The Republican ascendancy has brought with it some remarkable conservative revisions of history and literature. Various politicians
and scholars have encouraged us to think nostalgically about the past. Longing for a golden age before the welfare state, some of
these commentators would like to take us back to Victorian Britain in search of enlightened models of social policy and personal morality.
The leading Republican champion of Victorianism is Gertrude Himmelfarb. In a recent New York Times Op-Ed article, Himmelfarb advanced her cause by attacking the greatest critic of Victorian mores, Charles Dickens. In
Himmelfarb’s view, Dickens was a befuddled bleeding heart.
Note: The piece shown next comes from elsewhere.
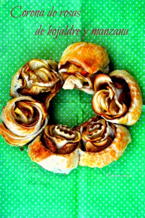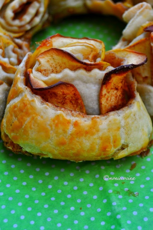 Ponemos láminas de manzana a lo largo de cada tira de hojaldre y enrollamos formando la rosa. La colocamos en el molde elegido y así sucesivamente todas las tiras. Pintamos con huevo batido para darle un toque dorado al hojaldre y horneamos a 180 grados unos 20 minutos hasta que estén un poco doradas.

Too many readers, she contends, have misread his novels (particularly
Oliver Twist) as reliable renderings of the Victorian era. Chastity, cleanliness, and shame, she insists, were the reigning values in mid-nineteenth-century Britain, not the callousness and greed that Dickens described. The Victorians nobly sought to uplift the poor,
notably with the passage of the 1834 Poor Law and with the construction of homes for orphans and wayward children. In the Poor Law’s workhouses and in the orphanages, the Victorians gave the poor what they truly needed—a roof, some food, honest work, and plenty of
moral guidance. Dickens simply got things wrong. The real-life Oliver Twists dwelled not in Dickensian hellholes but in benevolent, well-maintained, spiritually elevating institutions.